Authors:
Mercy Corps
Year Published:
2020
Resource Type:
Technical Guidance
Language:
English

This whitepaper resumes lessons learned from integrating time allocation in the monitoring systems of Mercy Corps’ FFP-funded South Kivu Food Security Project (FSP) in the Democratic Republic of the Congo, in order to help implementing partners develop more gender-sensitive rural development projects and monitoring systems.

The opportunity: Food security programs have an opportunity to incentivize meaningful and consistent activity participation, and by extension, improve activity outcomes, if they gain a more sophisticated understanding of participants’ perceived cost and benefit of participation in program activities.

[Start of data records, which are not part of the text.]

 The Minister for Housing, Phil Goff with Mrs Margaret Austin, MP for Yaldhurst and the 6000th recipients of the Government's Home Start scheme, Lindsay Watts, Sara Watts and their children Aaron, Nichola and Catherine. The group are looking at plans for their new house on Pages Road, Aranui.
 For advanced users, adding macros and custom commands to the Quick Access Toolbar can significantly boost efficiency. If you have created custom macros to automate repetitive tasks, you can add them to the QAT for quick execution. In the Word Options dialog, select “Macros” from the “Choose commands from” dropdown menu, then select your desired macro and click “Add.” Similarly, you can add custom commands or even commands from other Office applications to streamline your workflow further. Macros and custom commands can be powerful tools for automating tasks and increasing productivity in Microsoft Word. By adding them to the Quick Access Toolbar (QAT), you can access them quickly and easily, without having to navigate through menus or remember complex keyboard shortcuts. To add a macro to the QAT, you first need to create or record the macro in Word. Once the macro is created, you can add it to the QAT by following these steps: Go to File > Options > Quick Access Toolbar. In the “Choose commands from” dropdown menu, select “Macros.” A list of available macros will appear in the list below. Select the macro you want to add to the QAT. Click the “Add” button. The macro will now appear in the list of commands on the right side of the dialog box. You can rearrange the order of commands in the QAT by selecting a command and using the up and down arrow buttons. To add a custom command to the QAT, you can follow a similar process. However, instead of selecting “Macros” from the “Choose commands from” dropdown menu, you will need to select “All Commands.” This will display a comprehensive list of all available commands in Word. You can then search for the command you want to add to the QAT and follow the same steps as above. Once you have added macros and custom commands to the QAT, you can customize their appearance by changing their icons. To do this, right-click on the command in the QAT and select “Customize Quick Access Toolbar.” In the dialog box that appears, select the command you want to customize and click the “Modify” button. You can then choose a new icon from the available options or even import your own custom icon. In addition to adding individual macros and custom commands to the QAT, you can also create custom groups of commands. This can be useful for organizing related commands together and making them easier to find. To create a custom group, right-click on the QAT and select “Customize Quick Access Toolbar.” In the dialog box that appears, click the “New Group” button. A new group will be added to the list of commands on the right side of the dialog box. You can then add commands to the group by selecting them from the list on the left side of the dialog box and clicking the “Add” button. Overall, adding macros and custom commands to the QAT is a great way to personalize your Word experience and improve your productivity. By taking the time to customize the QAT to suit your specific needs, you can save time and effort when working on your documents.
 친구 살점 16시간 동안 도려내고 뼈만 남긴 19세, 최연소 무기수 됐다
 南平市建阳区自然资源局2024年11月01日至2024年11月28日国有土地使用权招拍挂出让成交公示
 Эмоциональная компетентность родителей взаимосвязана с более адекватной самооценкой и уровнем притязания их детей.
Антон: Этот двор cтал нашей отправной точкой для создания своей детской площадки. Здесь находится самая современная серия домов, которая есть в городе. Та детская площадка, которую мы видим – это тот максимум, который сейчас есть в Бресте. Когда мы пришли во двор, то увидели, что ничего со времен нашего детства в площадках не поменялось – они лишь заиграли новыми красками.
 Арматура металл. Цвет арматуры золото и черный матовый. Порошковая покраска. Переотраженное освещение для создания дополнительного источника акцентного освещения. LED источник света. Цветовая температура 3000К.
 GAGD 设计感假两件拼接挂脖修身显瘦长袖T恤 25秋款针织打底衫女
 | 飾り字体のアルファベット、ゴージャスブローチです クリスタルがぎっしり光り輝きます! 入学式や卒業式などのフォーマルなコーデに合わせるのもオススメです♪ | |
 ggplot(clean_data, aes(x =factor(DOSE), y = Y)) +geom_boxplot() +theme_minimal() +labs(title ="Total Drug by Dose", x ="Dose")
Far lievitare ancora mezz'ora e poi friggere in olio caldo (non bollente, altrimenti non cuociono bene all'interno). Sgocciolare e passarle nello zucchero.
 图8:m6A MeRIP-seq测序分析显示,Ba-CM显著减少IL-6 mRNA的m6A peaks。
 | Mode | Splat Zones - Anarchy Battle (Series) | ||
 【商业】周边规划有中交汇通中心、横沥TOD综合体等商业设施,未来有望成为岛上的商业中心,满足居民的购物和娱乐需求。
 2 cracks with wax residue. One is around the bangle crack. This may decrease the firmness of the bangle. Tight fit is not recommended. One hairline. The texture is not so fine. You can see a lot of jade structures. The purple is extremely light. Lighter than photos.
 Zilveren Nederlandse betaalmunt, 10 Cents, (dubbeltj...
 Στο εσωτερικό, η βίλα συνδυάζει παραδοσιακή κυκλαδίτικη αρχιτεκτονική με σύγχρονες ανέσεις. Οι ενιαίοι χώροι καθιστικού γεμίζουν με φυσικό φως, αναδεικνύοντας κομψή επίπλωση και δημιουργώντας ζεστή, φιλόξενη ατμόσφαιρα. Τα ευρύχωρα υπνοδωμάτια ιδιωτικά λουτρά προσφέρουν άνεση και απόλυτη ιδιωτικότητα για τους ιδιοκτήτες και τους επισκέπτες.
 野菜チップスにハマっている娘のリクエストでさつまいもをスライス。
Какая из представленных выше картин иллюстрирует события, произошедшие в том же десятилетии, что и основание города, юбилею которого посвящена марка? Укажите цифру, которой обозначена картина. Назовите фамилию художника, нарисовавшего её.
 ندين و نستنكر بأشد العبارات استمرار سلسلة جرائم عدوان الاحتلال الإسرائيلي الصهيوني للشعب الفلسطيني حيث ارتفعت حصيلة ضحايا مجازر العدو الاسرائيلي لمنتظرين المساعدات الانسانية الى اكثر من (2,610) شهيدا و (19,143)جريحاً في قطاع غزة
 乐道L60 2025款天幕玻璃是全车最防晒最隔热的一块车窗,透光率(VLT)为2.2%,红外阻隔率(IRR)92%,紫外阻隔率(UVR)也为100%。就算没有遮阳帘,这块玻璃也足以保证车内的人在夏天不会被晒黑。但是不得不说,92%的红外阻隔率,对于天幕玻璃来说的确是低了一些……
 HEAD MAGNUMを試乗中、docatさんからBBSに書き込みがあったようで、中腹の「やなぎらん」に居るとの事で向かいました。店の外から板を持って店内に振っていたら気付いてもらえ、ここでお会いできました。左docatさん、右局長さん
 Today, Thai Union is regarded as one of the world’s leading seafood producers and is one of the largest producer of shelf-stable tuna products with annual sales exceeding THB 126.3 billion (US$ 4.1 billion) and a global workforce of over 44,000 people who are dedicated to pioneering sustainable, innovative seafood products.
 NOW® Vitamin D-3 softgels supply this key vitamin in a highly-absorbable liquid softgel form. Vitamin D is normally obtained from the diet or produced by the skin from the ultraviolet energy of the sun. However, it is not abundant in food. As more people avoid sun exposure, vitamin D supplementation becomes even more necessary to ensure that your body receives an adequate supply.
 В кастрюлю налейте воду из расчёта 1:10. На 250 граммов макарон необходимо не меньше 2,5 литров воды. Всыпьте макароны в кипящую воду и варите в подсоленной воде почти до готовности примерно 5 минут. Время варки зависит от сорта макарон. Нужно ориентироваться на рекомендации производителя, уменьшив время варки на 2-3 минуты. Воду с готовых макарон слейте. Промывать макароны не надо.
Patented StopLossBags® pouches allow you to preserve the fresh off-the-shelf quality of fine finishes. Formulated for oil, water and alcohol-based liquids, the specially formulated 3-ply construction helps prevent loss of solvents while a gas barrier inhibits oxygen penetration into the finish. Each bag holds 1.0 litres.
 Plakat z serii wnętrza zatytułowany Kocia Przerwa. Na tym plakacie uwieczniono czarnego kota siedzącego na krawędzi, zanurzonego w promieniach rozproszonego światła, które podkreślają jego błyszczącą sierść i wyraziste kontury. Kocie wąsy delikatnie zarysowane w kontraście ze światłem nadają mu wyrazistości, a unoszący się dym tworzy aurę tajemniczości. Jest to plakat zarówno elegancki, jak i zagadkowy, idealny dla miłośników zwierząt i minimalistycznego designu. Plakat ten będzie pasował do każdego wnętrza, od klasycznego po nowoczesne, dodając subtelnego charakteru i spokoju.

Underlying issues: The existing literature lacks a focus on sub-country program contexts, exhibits construct validity issues due to the often applied 24h recall, misses sociocultural context and makes extremely limited use of qualitative and mixed methods.

Proposed solutions: Food security programs should apply a cost-benefit framework to better understand the opportunity cost involved in attending program activities and the economic, human and social capital incentives provided by programs. Seasonality needs to be accounted for in time allocation. Factors acting upon variance in time allocation need to be explored. Programs should apply iterative mixed-methods integrated approaches to integrate time allocation in program monitoring.